• **What you have to do**
Could you please reproduce the entries exactly, leaving out any pictures?

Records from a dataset
______________________________

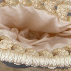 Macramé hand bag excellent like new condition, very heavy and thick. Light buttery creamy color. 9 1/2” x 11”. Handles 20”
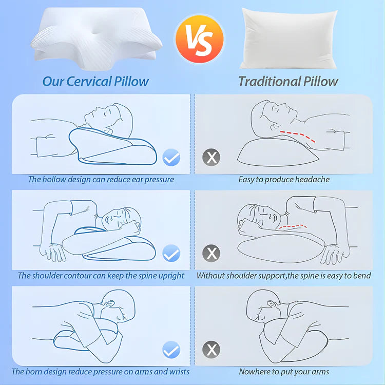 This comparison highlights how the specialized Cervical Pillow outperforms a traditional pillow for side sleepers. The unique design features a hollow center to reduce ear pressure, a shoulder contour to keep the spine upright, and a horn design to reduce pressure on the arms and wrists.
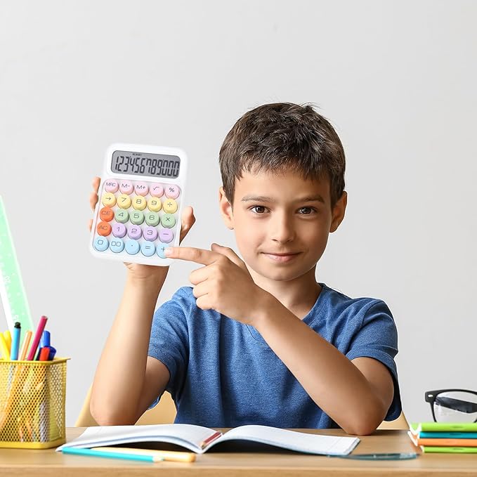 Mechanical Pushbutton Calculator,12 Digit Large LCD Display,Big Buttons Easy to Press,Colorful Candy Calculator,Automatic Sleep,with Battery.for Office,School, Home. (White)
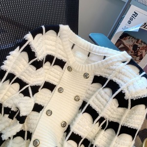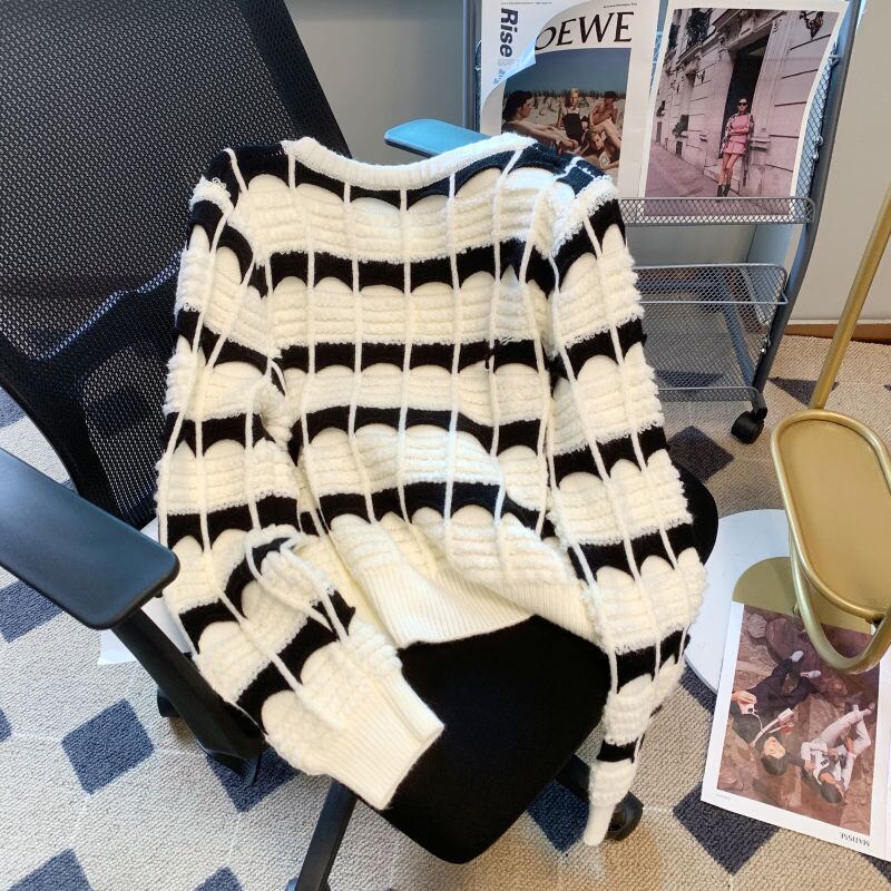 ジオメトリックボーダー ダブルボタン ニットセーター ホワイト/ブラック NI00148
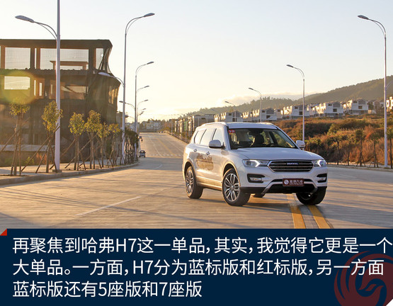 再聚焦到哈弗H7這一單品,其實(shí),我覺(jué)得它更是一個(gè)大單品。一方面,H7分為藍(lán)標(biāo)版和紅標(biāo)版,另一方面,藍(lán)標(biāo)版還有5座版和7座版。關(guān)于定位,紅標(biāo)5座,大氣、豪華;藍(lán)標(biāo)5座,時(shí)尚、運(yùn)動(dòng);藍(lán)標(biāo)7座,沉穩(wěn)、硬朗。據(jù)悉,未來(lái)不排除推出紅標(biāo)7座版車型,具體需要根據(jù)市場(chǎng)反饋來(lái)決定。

______________________________

• **Exercise answer**
 Macramé hand bag excellent like new condition, very heavy and thick. Light buttery creamy color. 9 1/2” x 11”. Handles 20”
 This comparison highlights how the specialized Cervical Pillow outperforms a traditional pillow for side sleepers. The unique design features a hollow center to reduce ear pressure, a shoulder contour to keep the spine upright, and a horn design to reduce pressure on the arms and wrists.
 Mechanical Pushbutton Calculator,12 Digit Large LCD Display,Big Buttons Easy to Press,Colorful Candy Calculator,Automatic Sleep,with Battery.for Office,School, Home. (White)
 ジオメトリックボーダー ダブルボタン ニットセーター ホワイト/ブラック NI00148
 再聚焦到哈弗H7這一單品,其實(shí),我覺(jué)得它更是一個(gè)大單品。一方面,H7分為藍(lán)標(biāo)版和紅標(biāo)版,另一方面,藍(lán)標(biāo)版還有5座版和7座版。關(guān)于定位,紅標(biāo)5座,大氣、豪華;藍(lán)標(biāo)5座,時(shí)尚、運(yùn)動(dòng);藍(lán)標(biāo)7座,沉穩(wěn)、硬朗。據(jù)悉,未來(lái)不排除推出紅標(biāo)7座版車型,具體需要根據(jù)市場(chǎng)反饋來(lái)決定。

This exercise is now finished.